Fluency in the Language of Rural Communities
Promote a Passion for Rural While Finding Balance. There’s an age-old and hopefully now settled debate around clinicians living in the communities in which they serve. You should curb any expectation that all new providers will live in the community. Some will, others won’t. In the past, rural healthcare professionals largely accepted that working and living in the community meant providing on the spot diagnoses at school functions or the grocery store. A colleague of mine once described a patient who sometimes showed up at the local rural provider’s house seeking medical care outside of practice hours. Today, healthcare providers expect and deserve work/life balance (and separation.) It’s no longer necessary for the rural hospital recruiter to sell the community to the candidate in terms of planting roots through home ownership. Focus on the amenities – no bumper-to-bumper traffic, beautiful landscapes, the delicious lunch at the local grocery store (yes, rural grocery stores do serve the best lunches, especially in the South). There’s a delicate balance in highlighting the importance of provider connection with the community while not expecting them to live there. When it comes to discussing avenues for play/leisure, shopping, and schools systems, don’t try to downplay, but describe what’s available in proximity to your rural community if these are either inaccessible or lacking in quality. Lastly, get to know the community. Learn how residents view it to shape your perspective, which will help you promote the community to candidates in a comprehensive, authentic, and favorable light. For help with identifying your hospital and community assets, consult with Dr. Dave Schmitz and the Community Apgar Program (https://www.ruralhealthinfo.org/rural-monitor/interview-with-david-schmitz/). This evidence-based program helps identify assets and gaps in rural hospital/community alignment around workforce and recruitment initiatives.

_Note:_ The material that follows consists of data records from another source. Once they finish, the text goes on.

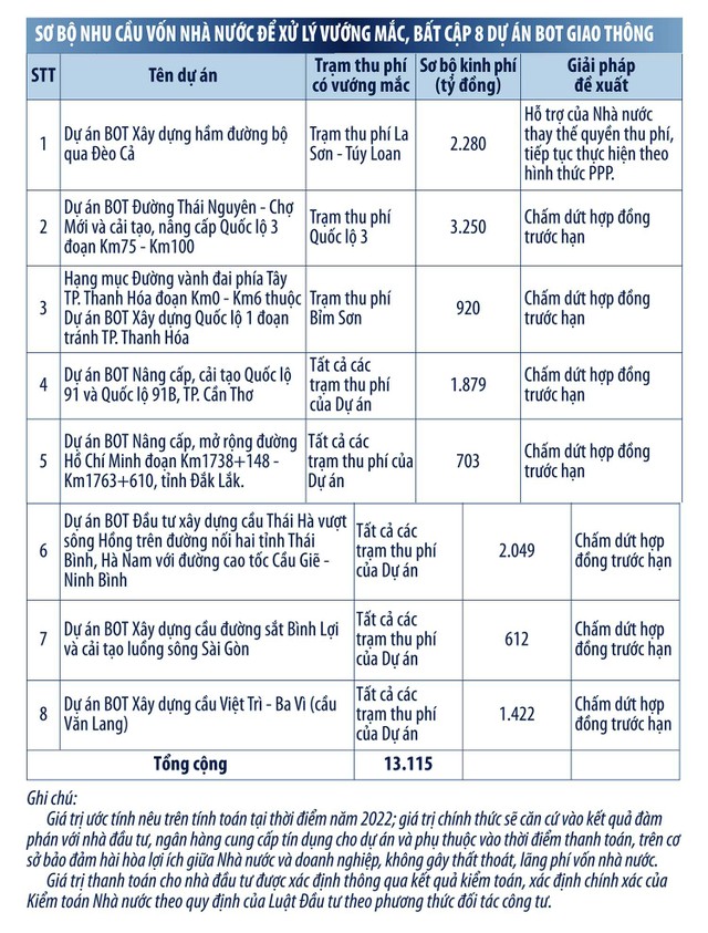 Tại Tờ trình số 10189, Bộ GTVT kiến nghị Chính phủ trình Quốc hội chấp thuận chủ trương giải pháp thực hiện và bố trí vốn ngân sách nhà nước (khoảng 13.115 tỷ đồng) để thanh toán cho nhà đầu tư/doanh nghiệp dự án của 7 dự án (khoảng 10.835 tỷ đồng) và bổ sung vốn nhà nước (khoảng 2.280 tỷ đồng) hỗ trợ Dự án Xây dựng hầm đường bộ qua Đèo Cả. Đồng thời, kiến nghị Quốc hội giao Chính phủ chỉ đạo rà soát, hoàn thiện pháp luật về PPP, bảo đảm công bằng, hài hòa lợi ích giữa các bên, khả thi về tổ chức thực hiện.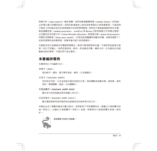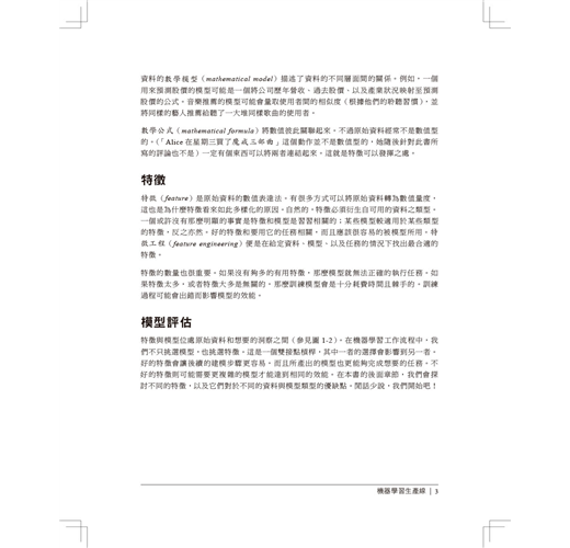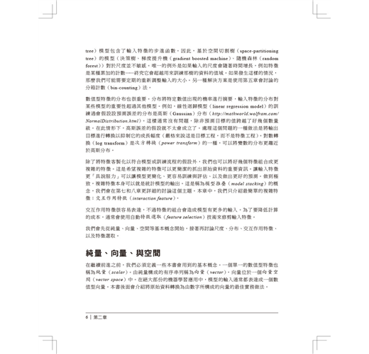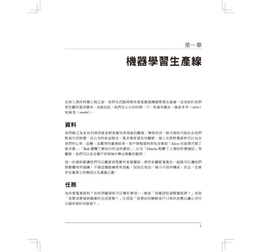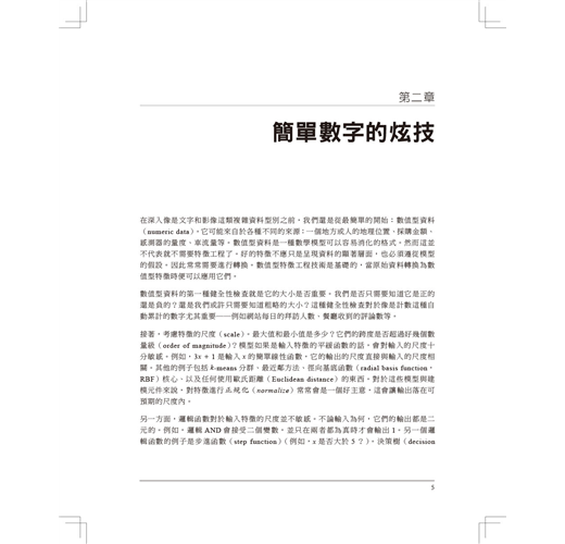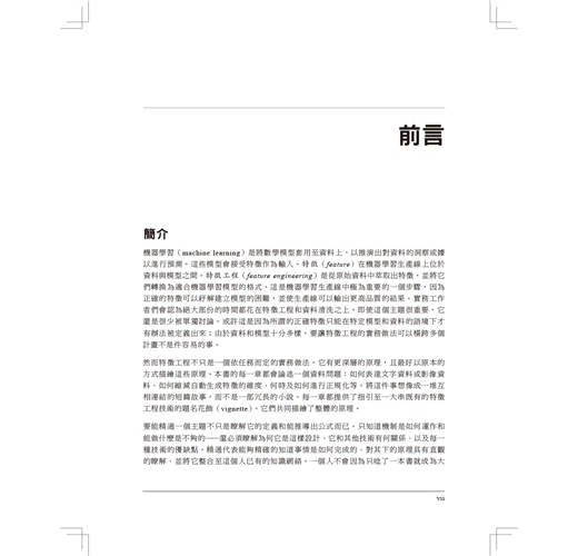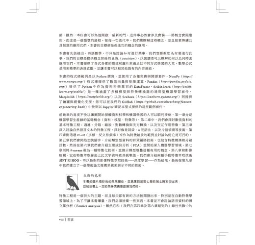 不是只教導這些原理,作者Alice Zheng和Amanda Casari也在整本書中使用習題來聚焦在實際應用上。最後一章會藉由在一個真實的結構化資料集上應用數種特徵工程技術來總結全書所學。程式碼範例則使用了Python的套件,包括numpy、Pandas、scikit-learn、以及Matplotlib。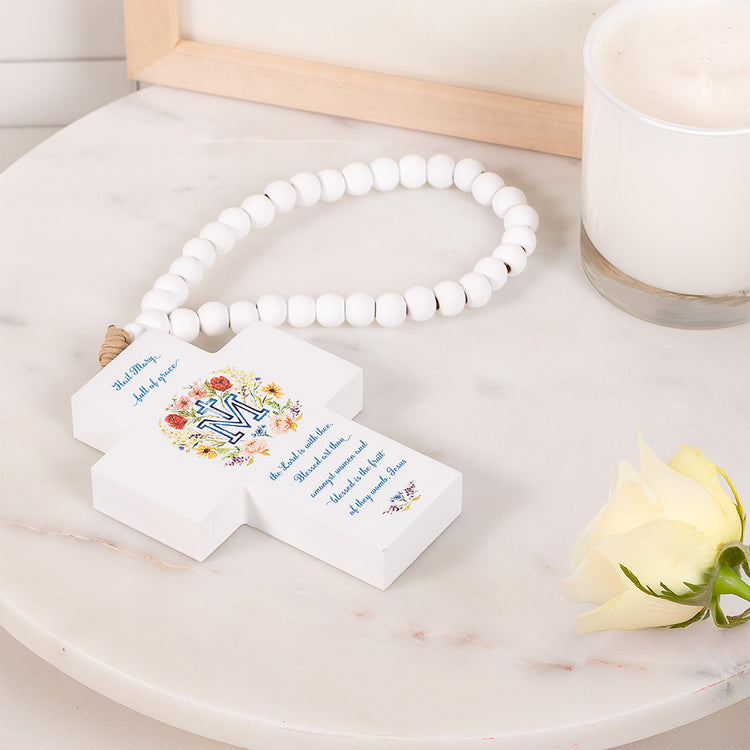 Floral Marian Hail Mary Hanging Cross- Regular price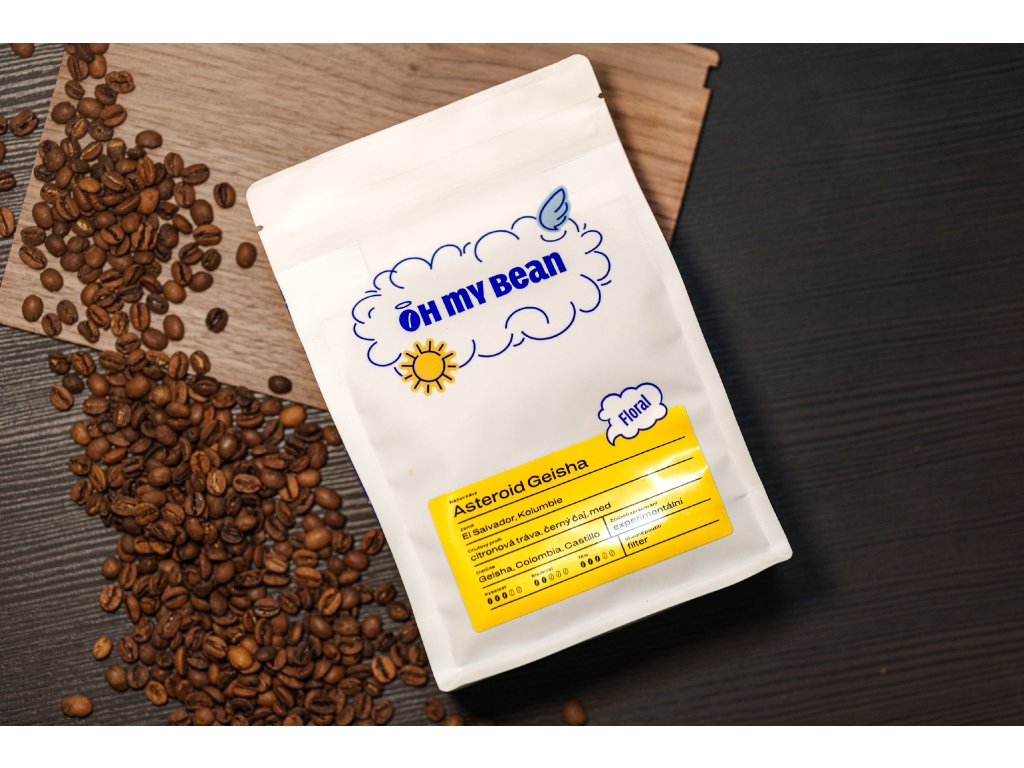 Tak vznikla Asteroid Geisha blend, kde jsme florální jemnost podpořili fermentovaným lotem od Edinsona Argoteho. Jeho káva přináší výraznější linku citronové trávy, větší šťavnatost a energii, která rozsvítila celý chuťový profil, aniž by narušila tu křehkou geishovskou harmonii.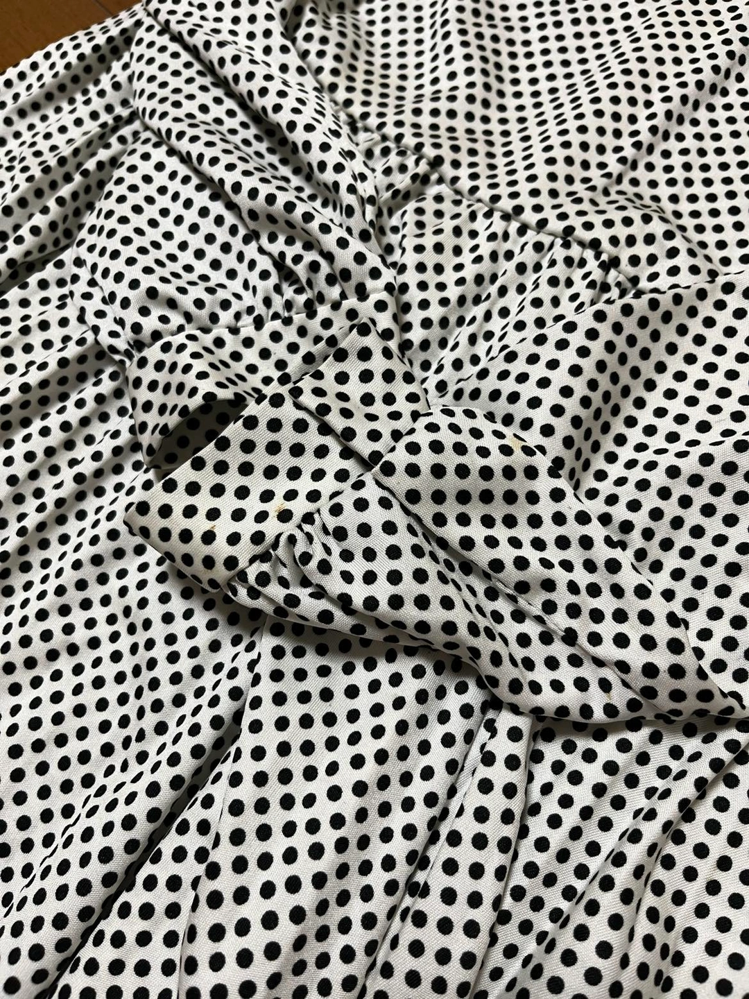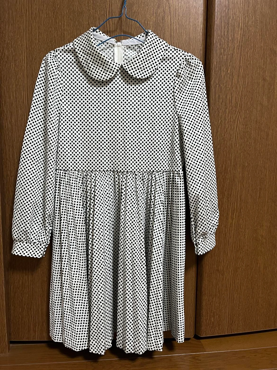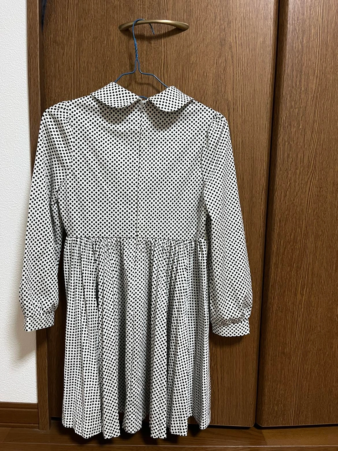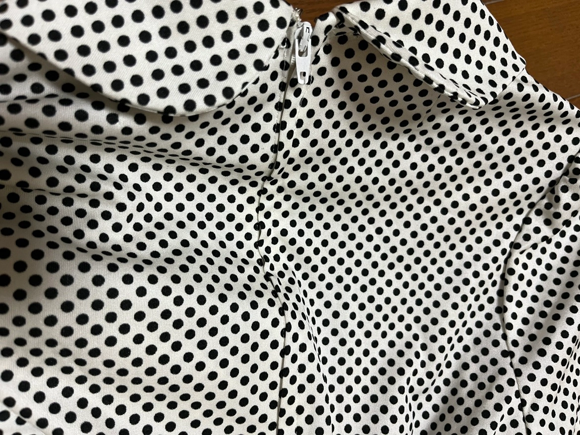 中古の水玉模様のワンピースです🎶 とても可愛くノーアイロンで着られます 普段着からちょっとしたお出かけにも ポリエステル100% YKK後ろチャック着脱 ミカレディ 総丈74 袖丈48 ウエスト平置き33.5 肩幅30.5 袖にわからない程度のシミあり 参考 https://store.shopping.yahoo.co.jp/zozo/92453393.html?sc_i=shopping-smartphone-web-detail-item-rcmd_v2v-item 120や130サイズくらいが適応だと思われます 基 本北千住 その他取手松戸入谷上野等応相談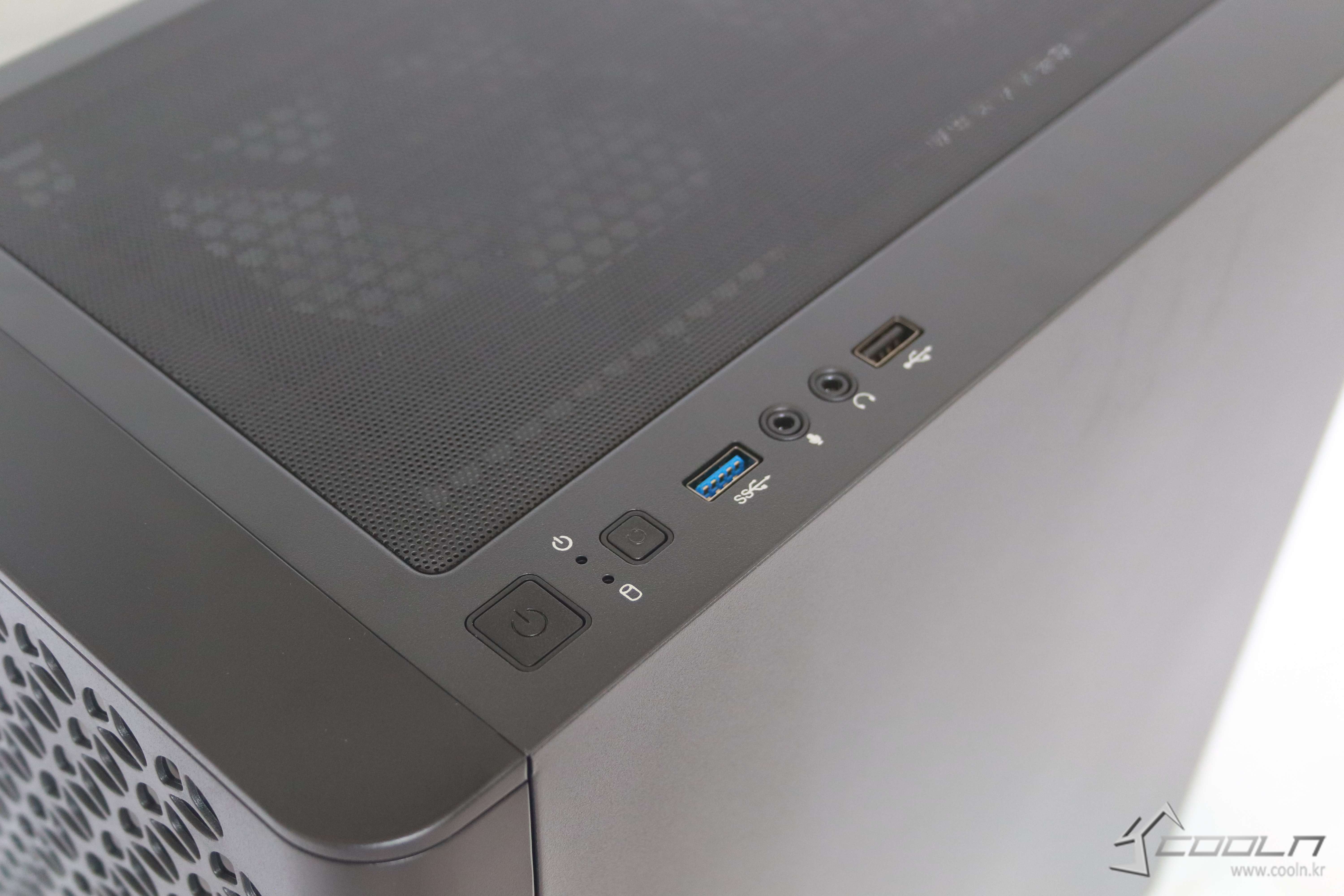 상단이 상당히 넓으며 상단 멀티 미디어 포트로 구성이 되어 있는데 독특하게도 사로가 아닌 세로형으로 구성이 되어있다. 멀티미이더 포트 구성으로는 전원버튼, 리셋 버튿, USB 3.01개와 USB 2.0 1개 HDD와 파워 LED 마이크, 이어셋 포트를 확인 할 수 있다.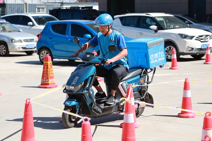 在驾驶技能培训现场,来自大连的高仁科和阜新的岳春龙正在练习。他们一边口述操作步骤,一边熟练地进行配送前准备。引人注目的是,他们练习的电动车脚踏板上有一杯装满水的刻度杯,这是为了考验选手驾驶技术平衡能力而特别设置的。经过S弯路、环岛路口等特殊线路的考验,高仁科和岳春龙的驾驶技能得到了充分锻炼。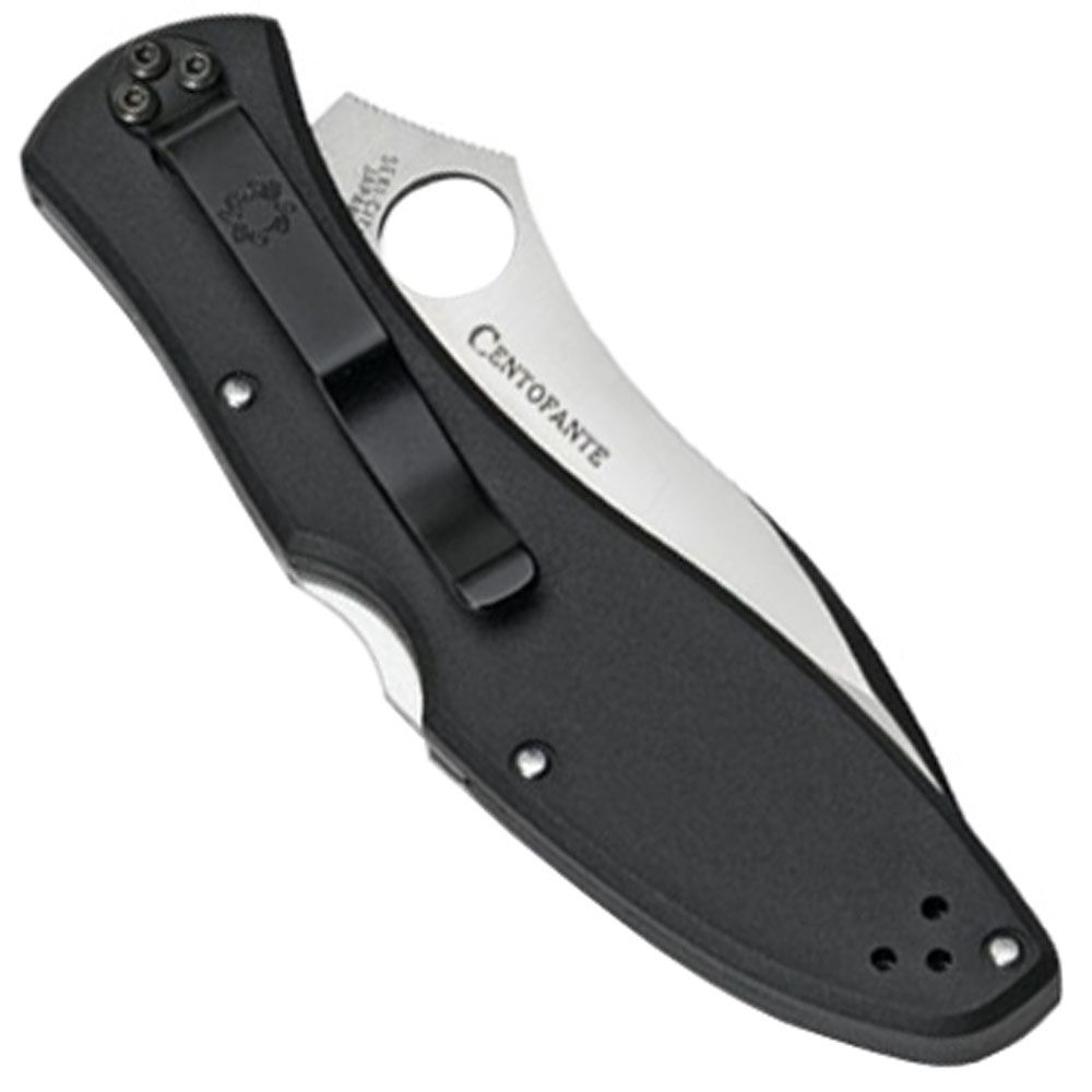 The Centofante 3 has a thin-profiled, lightweight FRN handle. Two channels are furrowed out of the handle for better grip and a Palladium silver Spyderco bug is inlayed into its surface. For added security and convenience the back-lock is positioned midway on the spine and David Boye Dent is cut from the locking lever. The VG-10 blade has both a hollow-grind and swedge-grind with non-sharpened spine serrations (jimping) to hold the thumb steady when cutting. A black steel pocket clip positions for tip-up/down, right-hand carry.

Align with Rural Community Attitudes. Every rural hospital is a living product of healthcare providers and citizens working together to sustain community-based, timely hospital care, often in the face of socio-economics challenges and geography. Too often members of rural communities have experienced a loss – be it the closing of a manufacturing plant down the street, or a merger falling through that promised new jobs. Building trust is paramount and tough to do. It comes down to people – meeting, connecting with, and finding a common goal – an engaged, retained healthcare workforce to help your rural hospital and community thrive. When matched with the core facets of rural healthcare workforce, the key to successful rural hospital recruitment comes down to authentic connection with people.